Because they’re a central part of my existence, making me who I am and who I think I am. 

They make me question every opinion I have, every philosophy I subscribe to, every notion that I hold dear. 

And why wouldn’t you want your views to be challenged unless you’re unsure of them yourself? 

Why would you discard other perspectives just because they don’t "feel" right, because they go against what you currently believe in?

I’ve been a part of this space called Bookstagram [books on Instagram] for a while now. 

It never ceases to amaze me how easily conclusions are reached, how easily the other side is decided and boycotted, and how easily opinions are formed by some, even there. 

Without any research, without any depth, without any nuance, be it a debate about cancel culture, tolerance, art versus artist, religion, international issues, or domestic. 

And yes, it’s a community of readers, to be very clear. 

This is why the need arises for all of us to step back and evaluate ourselves, I think. 

Drink a glass of water. And read. And not just read, but read all the sides, read different perspectives, and most importantly, think for yourself.

With time, with the rise in epistemic bubbles and echo chambers everywhere, reading had to cease being an entirely romantic activity to me and more of an activity born out of necessity. 

Yes, it’s fun too, yes it’s beautiful too, yes I often fantasize too, but it’s grown into something so much more than that. 

Yes, I smile reading Zusak, cry reading Hosseini, but I do make sure to include a Frank Furedi or an Amartya Sen into the pile now. 

I really hope you do read something you're truly passionate about too, without falling into the traps of instant news and quick validations. 

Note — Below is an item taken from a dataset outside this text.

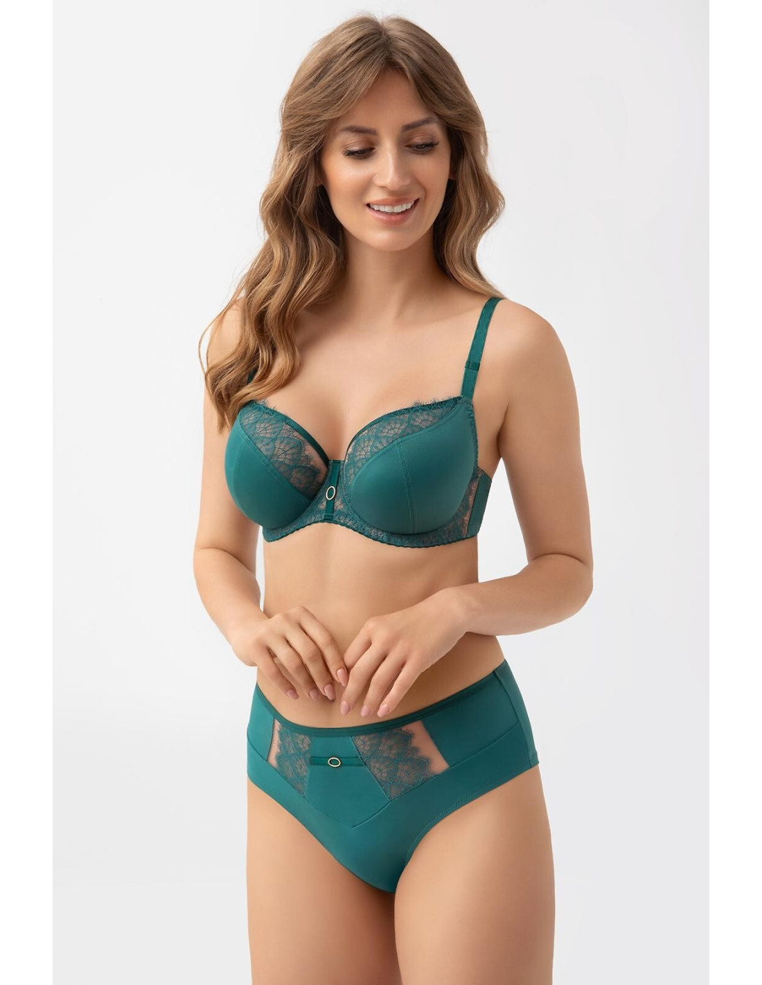 Biustonosz miękki przeznaczony dla kobiet ze średnim, dużym oraz bardzo dużym biustem - užtikrina efektą bardzo mocnego uniesienia i zebrania biustu do środka - 3-częściowe miski w całości wykonane z kryjącej dzianiny tipo simplex bei koronki na stabilnym tiulu - górna krawędź miski wykończona połyskującą taśmą, płynnie przechodzi do ramiączka powodując lepsze podtrzymanie biustu - tył z kryjącej lycry zapewniającej bardzo dobre dopasowanie i podtrzymanie - fiszbiny boczne zapobiegające zwijaniu się materiału - w zależności od rozmiaru dwu lub trzyrzędowa haftka z trójstopniową regulacją obwodu - odpinane ozdobne paski z możliwością regula - nieodpinane, regulowane ramiączka w trzech szerokościach - metalowe elementai w kolorze złota - konstrukcija: K 101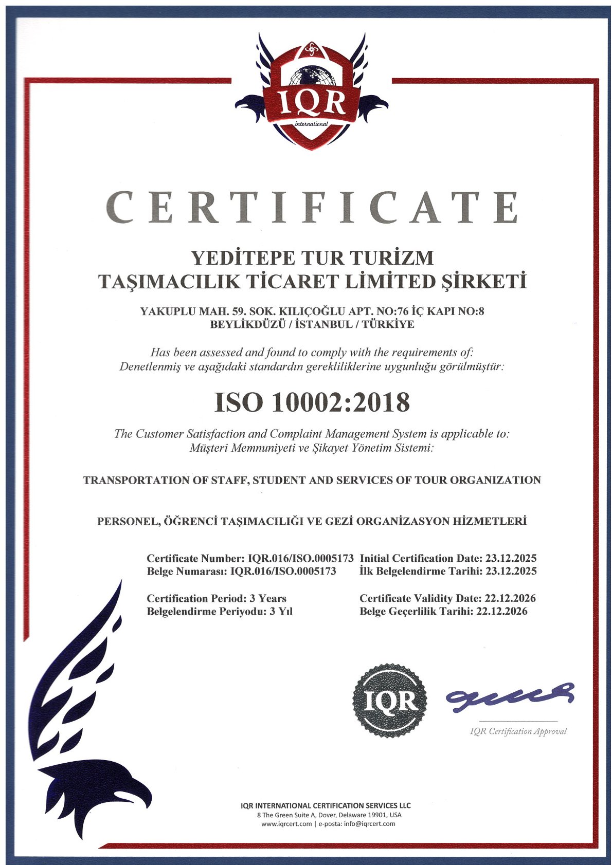 Yüksek hizmet kalitesini ve güvenliği temel ilke edinen Yeditepe Tur Turizm, çeşitli denetimlerden başarıyla geçerek şu sertifikalara sahiptir:

What do you feel about it? Want to share any experiences? I'd love to know in the comments!


Amritesh is a chemistry student and a freelance writer. He is the one who breathes books, or rather, the smell of books. 

He prefers to call himself an introvert for the purpose of aesthetics, but his ambivert personality means you can often find him gushing about random stuff. Oh, and gift him a book (from his wish list) to make him fall in love with you for eternity.